The theory that you should have a more experienced Test side, while confining the upcoming talent to the limited overs formats, has little basis. The only batsman I can think of who thrived in one-day cricket but failed in the longer version of the game was Michael Bevan. He was a master at working the singles and two's in a defensive field setting, and usually got caught out in Test cricket with the slips in place and bowlers in attack mode. But the exception only proves the rule.

So if Dravid, Ganguly and Laxman are no longer considered good enough to get into the Indian one-day and T20 sides, perhaps they should make way for new talent in the Test team too. Before the start of the current series in Sri Lanka, India's coach Gary Kirsten and captain Anil Kumble had expressed confidence that their experienced Test batsmen would fare much better against the rookie spinner with the carom ball, Ajantha Mendis, than their one-day counterparts had done in the Asia Cup final.

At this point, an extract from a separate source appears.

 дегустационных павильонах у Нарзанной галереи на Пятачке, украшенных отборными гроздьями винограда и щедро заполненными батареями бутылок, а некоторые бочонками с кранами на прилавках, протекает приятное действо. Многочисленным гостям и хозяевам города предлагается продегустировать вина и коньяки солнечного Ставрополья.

They said the main threats would continue to be Murali and Vaas. That confidence and perception have both proven misplaced so far. But even if there is a turnaround in the fortunes of the Fab Four in this series, at least one or two places in the middle order should be opened up to groom new talent. Isn't it ironic that India is unwilling to let even one of its four ageing batsmen go, while tiny Sri Lanka can afford to leave out Sanath Jayasuriya, who incidentally outperformed the Fab Four by a long shot in the IPL?